Carla, con una copa de vino tinto en la mano, se sienta en su mesa de trabajo. Enciende el ordenador mientras bebe un sorbo, intentando localizar esos matices afrutados del caldo que ella nunca logra definir. Su semblante se dulcifica hasta esbozar una sonrisa. «¡Qué importa que no capte los sabores! Me gusta…», piensa y centra su atención en la pantalla.
Dirige el cursor hacia el icono de un archivo: «FUGA DISOCIATIVA», que destaca sobre los demás al estar caligrafiado en mayúsculas. Tras un suave clic, el documento se expande en la pantalla, dejando a la vista una lista de nombres encabezada por Agatha Christie.
Desde que, siendo una adolescente, Carla comenzó a leer sus novelas de misterio, se sintió atraída por la personalidad de la escritora. Máxime tras adentrarse en su biografía y conocer ese fragmento de su vida, uno de los acontecimientos más enigmáticos de la historia de las letras, en el que desapareció durante once días. Agatha Christie mantuvo un obstinado silencio sobre este asunto y se llevó el secreto a la tumba. ¿Huida frustrada o pérdida temporal de memoria?
Para dar respuesta a esta pregunta, Carla quiso novelar lo ocurrido y buscó información. «La fuga disociativa se define como un trastorno caracterizado por la realización de viajes inesperados, lejos del entorno habitual del sujeto, en los que el individuo es incapaz de recordar…». Sin embargo, el proyecto inicial quedó relegado al descubrir, con asombro, el número de escritores que, en los últimos tiempos, protagonizaron ausencias similares a la de la célebre escritora británica.
A diferencia de Agatha Christie, ninguno de ellos gozaba de un status social y cultural elevado, y lo único que les unía, aparentemente, era su afición por escribir en redes sociales. Sin embargo, Carla había localizado un vínculo entre todos: la fecha de aparición de uno coincidía, siempre, con la desaparición del siguiente.
Carla desplaza la mirada por el listado hasta llegar al último nombre: Amber Collins. Minimiza el archivo y abre una carpeta del escritorio virtual, que contiene varias fotografías descargadas de Internet. Pincha sobre la instantánea de Amber Collins. En ella aparece una mujer alta, esbelta, con una larga melena cobriza, que posa de espaldas al objetivo. Intenta buscar en su lenguaje corporal, algún gesto, algún indicio, que le permita dilucidar qué historia esconde, pero su ademán estático no le trasmite nada.

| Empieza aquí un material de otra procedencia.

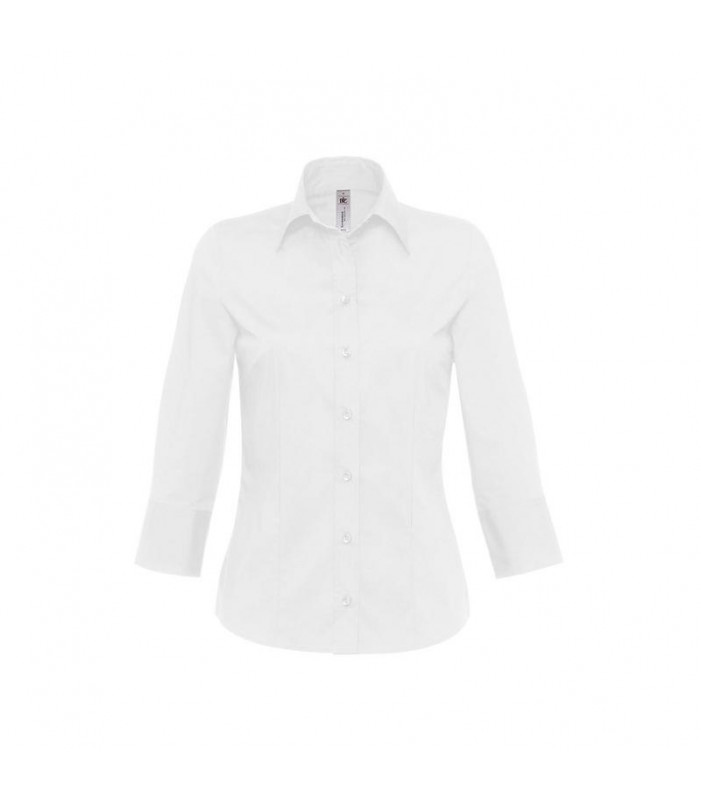 camicia donna aderente 97% cotone, 3% elastane, maniche 3/4.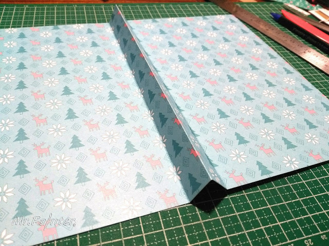 наш лист скрапбумаги со сгибом, "обнимаем" его со стороны сгиба нашим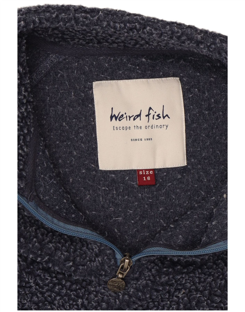 WEIRD FISH Womens Zip Neck Fleece Jumper UK 16 Large Navy Blue Polyester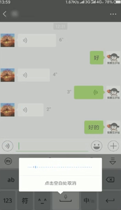 - 7回到聊天界面,一向按着“空格”键措辞即可。

Focaliza su interés en el paisaje del fondo, tratando de localizar el punto hacia el que mira. De repente, como en una ilusión óptica, el horizonte comienza a distorsionarse, incluso parece adquirir movimiento. Aprieta con fuerza los párpados para alejar la sensación mareante que la atenaza. Sin embargo, cuando abre los ojos, comprueba que no ha sido un engaño de sus sentidos, sino que la imagen ha cambiado: Amber se ha girado.
De un manotazo tira la copa de vino, que derrama su contenido por la superficie de la mesa y resbala hacia el suelo. Fija la vista en el líquido rojo que, rítmicamente, impregna la moqueta en pequeños círculos, como si fueran gotas de sangre.
Ploc…
Ploc…
Ploc…
Sale de la abstracción e inspira con fuerza para serenarse. Recoge la copa y limpia el reguero de vino, resistiendo el impulso de mirar la pantalla. Sin embargo, de reojo, como en una serie de fotogramas, capta los movimientos de la mujer acercándose. Su mente se debate entre el desconcierto y la curiosidad.
—Es imposible… razona mientras se obliga a sí misma a mirar el terminal.
Carla nota la adrenalina en el cuerpo, el pulso acelerado en las sienes. El encuadre de la fotografía ha variado a un primer plano del rostro de Amber, que levanta el dedo índice y la señala. Traga saliva e intenta alcanzar el interruptor de apagado, pero su mano se queda varada a medio camino al ver agrietarse el cristal del monitor. Su cerebro necesita unos segundos para procesar toda la información.
La figura de Amber se materializa ante ella con dolorosa nitidez.